In his commentary on this dispute, Christoph Sommer begins by pointing out its parallels with the "science wars" of the 1990s. The latter were - to put it very simply - a dispute between the sociology of science and the natural sciences. The former questioned the nature of scientific truth, while the latter defended itself against postmodern relativism. In his commentary on the debate, Christoph Sommer starts from the assumption that (in the words of sociologist Bruno Latour) "everyone, both scientists in the 'hard' and the 'soft' sciences, politicians and users, [...] have a legitimate interest in gaining as realistic an assessment as possible of what the sciences can and cannot do". Instead of conducting a fundamental debate in the style of a trench war between postmodern theorists on the one hand and "hard" scientists on the other, he argues in favour of looking at how planning-relevant knowledge is produced and what significance it has.
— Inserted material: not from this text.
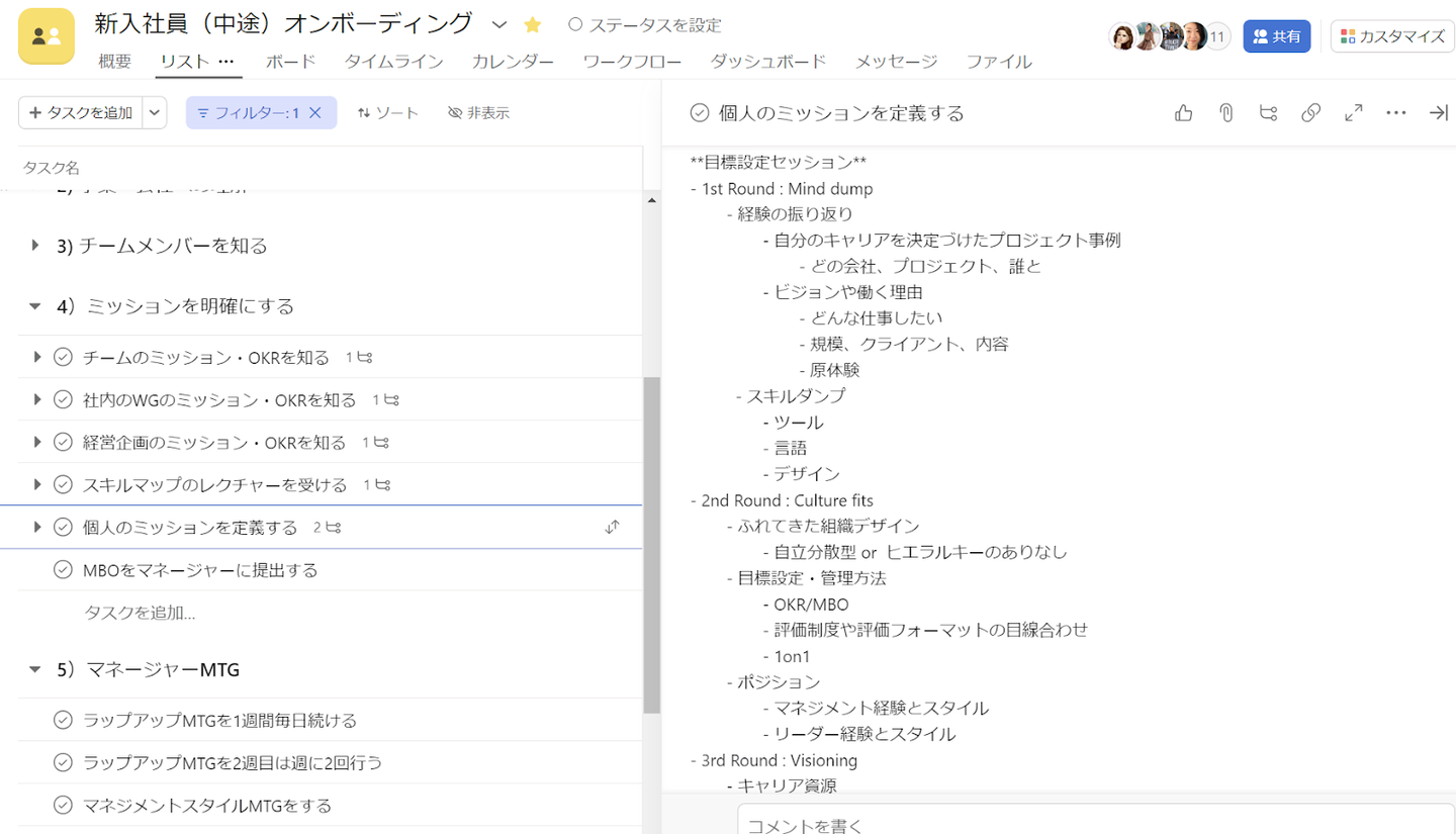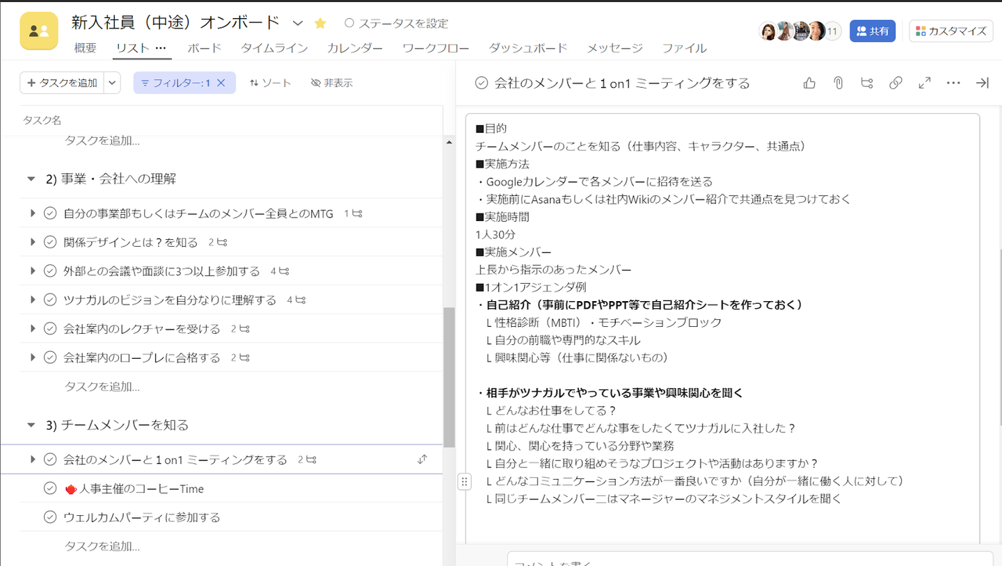 メンバーとのコミュニケーションを図るために、「チームメンバーとのMTG」「会社メンバーとの1on1」や、「全社のメンバー対象のコーヒータイム」「歓迎会」などが組み込まれています。
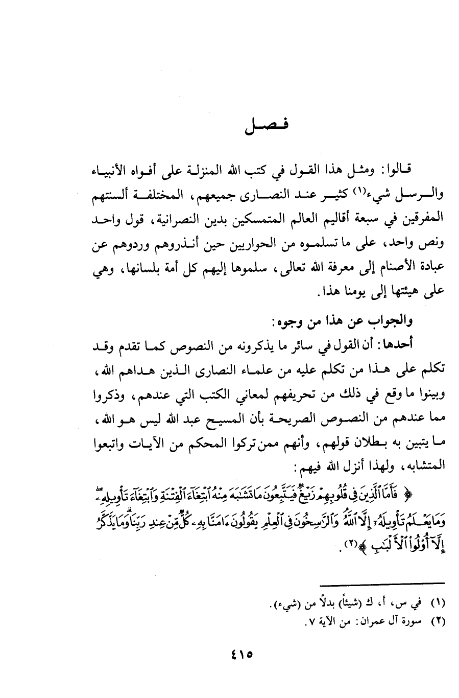 أَحَدُهَا: أَنَّ الْقَوْلَ فِي سَائِرِ مَا يَذْكُرُونَهُ مِنَ النُّصُوصِ كَمَا تَقَدَّمَ وَقَدْ تَكَلَّمَ عَلَى هَذَا مَنْ تَكَلَّمَ عَلَيْهِ مِنْ عُلَمَاءِ النَّصَارَى الَّذِينَ هَدَاهُمُ اللَّهُ، وَبَيَّنُوا مَا وَقَعَ فِي ذَلِكَ مِنْ تَحْرِيفِهِمْ لِمَعَانِي الْكُتُبِ الَّتِي عِنْدَهُم، وَذَكَرُوا مِمَّا عِنْدَهُمْ مِنَ النُّصُوصِ الصَّرِيحَةِ بِأَنَّ الْمَسِيحَ عَبْدُ اللَّهِ لَيْسَ هُوَ اللَّهَ - مَا يَتَبَيَّنُ بِهِ بُطْلَانُ قَوْلِهِم، وَأَنَّهُمْ مِمَّنْ تَرَكُوا الْمُحْكَمَ مِنَ الْآيَاتِ وَاتَّبَعُوا الْمُتَشَابِهَ، وَلِهَذَا أَنْزَلَ اللَّهُ فِيهِم:

In concrete terms, this means looking at data-supported knowledge production, which increasingly prepares, structures and potentially anticipates planning decisions.
In Christoph Sommer's view, a radical belief in the scientific rationality inherent in data and its action-guiding effect ("follow the science") would have the potential to depoliticise planning. Ultimately, it would only be a matter of "rational" modelling of competing uses of space. Planning decisions would be legitimised primarily "from the data". What is needed, however, is a planning policy negotiation of spatial development goals orientated towards the common good. This is why a critical examination of various data modelling methods produced by different disciplines and stakeholders is needed. This approach offers a double connectivity: on the one hand, planning practice recognises the problem of being confronted with different rationalities of thought. In Sommer's opinion, there is potential here for fruitful exchange and joint research with practitioners (transdisciplinary research). On the other hand, a dialogue on data-based knowledge production can also be conducted well with representatives of other scientific disciplines.